Thursday, November 1, 2007
Launch of the Holiday Season
My goal for the rest of 2007 is to enjoy the holiday season. I know you're supposed to enjoy the holidays, but it's always a challenge for me. In fact the story I've told myself for many years now is that I hate the holidays.
This year I'm taking some time to examine this story. Surely if I tell myself I hate the holidays, I'm certain to feel that way, right? I've been asking myself, why do I hate the holidays so much? Why do I set myself up to hate this time of year?

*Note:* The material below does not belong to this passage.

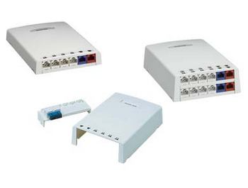 Accept Mini-Com® Modules for STP and UTP, fiber optic, and audio/video, which snap in and out for easy moves, adds, and changes • Mount easily with supplied mounting screws or adhesive tape • Cable tie slots for improved cable management • Tamper resistant screw for added security • Unique built-in fiber spool design secures cable in place and stores up to 78.8 feet (24 meters) of buffered fiber optic cable • Cable entry from side and rear knockouts and from opening in bottom of base • Optional adhesive labels available • Combination label/label cover for custom outlet identification

For a couple of years while I was still at Whole Foods, I spent the weeks coming up to Thanksgiving in a frenzy of order-taking for ill-tempered and impatient customers. The last three days before Thanksgiving, my co-workers and I froze our asses off in the refrigerated truck or in the store, slinging thousands of pounds of clammy raw turkey flesh in the general direction of the customers who - right before Thanksgiving - are more ill-tempered, more impatient, than ever. It was like being in a David Lynch film. I learned how to say Kill them all in seven different languages during my years at Whole Foods. OK, so it's no wonder I didn't enjoy Thanksgiving then. But what about now?
Halloween this year was a blast, an auspicious beginning to the season in which, at least in America, everything gets amped up. Maybe I can relax, have a laugh at myself when I get amped up, maybe try not to work so hard. Maybe I can deconstruct my pattern of holiday hatred. Do you think? We shall see.